Cauchy-Schwarz inequality for positive semidefinite matrices

cauchy-schwarz-inequalitylinear algebramatrices

I have a vector space $V$ of finite dimension $n$ over the field $\mathbb R$. I define the following product
$$u\otimes v=\sum_{i=0}^\infty b_iu_iv_i^T$$
where $b_i\in\mathbb R^+$ and all $u_i$ and $v_i$ are elements of the vector space $V=\mathbb R^n$. In the context of this formula, we use $u$ (and $v$) to mean the infinite list of $u_i$ (and $v_i$). This product defines a matrix in $\mathbb R^{n\times n}$, given a choice of basis in $V$. In particular, $u\otimes u$ will be (symmetrical) positive semidefinite.

We can assume that $\sum b_i$ converges and that all $u_i$ and $v_i$ are bounded (the $L^2$ norm of each vector is bounded). That ensures that $u\otimes v$ converges.
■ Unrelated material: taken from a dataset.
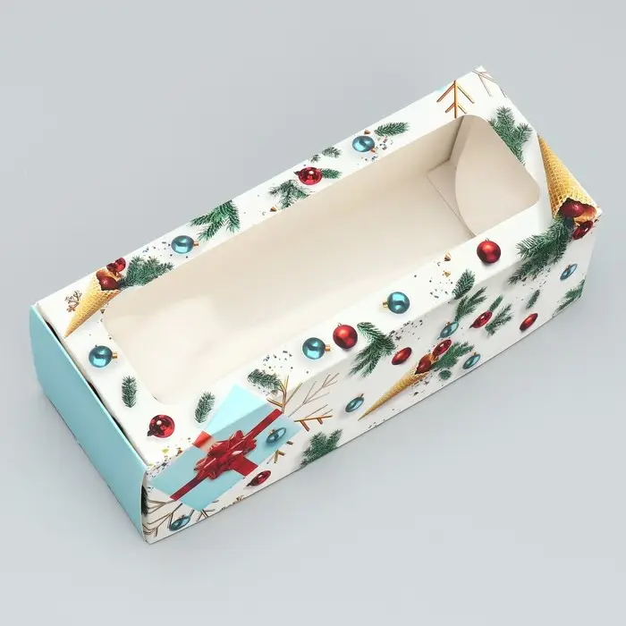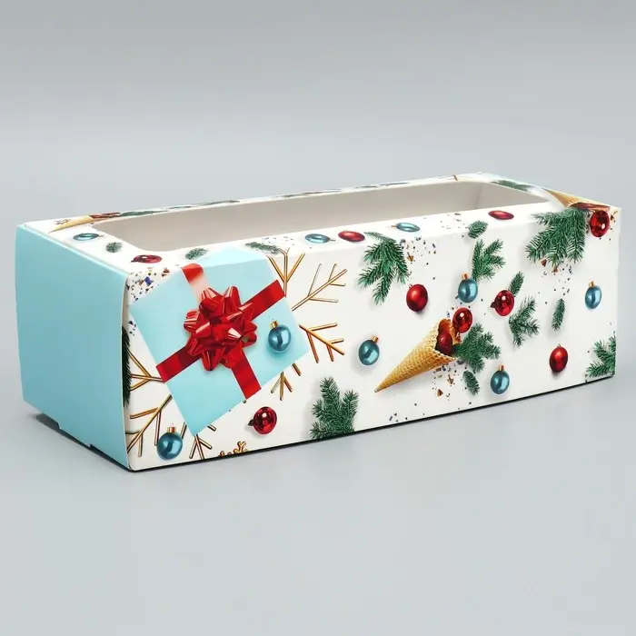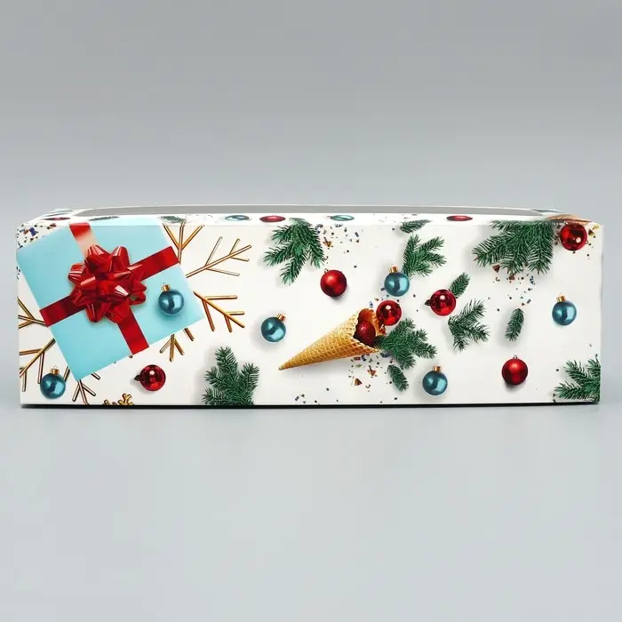 Коробка для кондитерских изделий с окном «Новогодняя», 26 х 10 х 8 см

If we choose $n=1$, the product $u\otimes v$ simplifies to a scalar product and we can easily show using Cauchy-Schwarz that:
$$(u\otimes u)-(u\otimes v)(v\otimes v)^{-1}(v\otimes u)\ge0$$

How would I prove a similar inequality in general, for any finite $n$? As $b_i>0$ for all $i$, we have both $u\otimes u$ and $v\otimes v$ (symmetrical) positive semidefinite matrices so the inequality should be understood as meaning that $(u\otimes u)-(u\otimes v)(v\otimes v)^{-1}(v\otimes u)$ is also (symmetrical) positive semidefinite.

Best Answer

This is true even if $v\otimes v$ is singular, provided that you replace $(v\otimes v)^{-1}$ by the Moore-Penrose pseudo-inverse $(v\otimes v)^+$. For each integer $k$, let $U_k=\pmatrix{\sqrt{b_1}u_1&\sqrt{b_2}u_2&\cdots&\sqrt{b_k}u_k}$ and define $V_k$ analogously. Then $$ U_kU_k^T-U_kV_k^T(V_kV_k^T)^+V_kU_k^T =U_k\left[I_k-V_k^T(V_kV_k^T)^+V_k\right]U_k^T.\tag{1} $$ Since $I_k-V_k^T(V_kV_k^T)^+V_k$ is an orthogonal projection, both sides on $(1)$ are positive semidefinite. Pass $k$ to the limit, we obtain $u\otimes u-(u\otimes v)(v\otimes v)^+(v\otimes u)\succeq0$.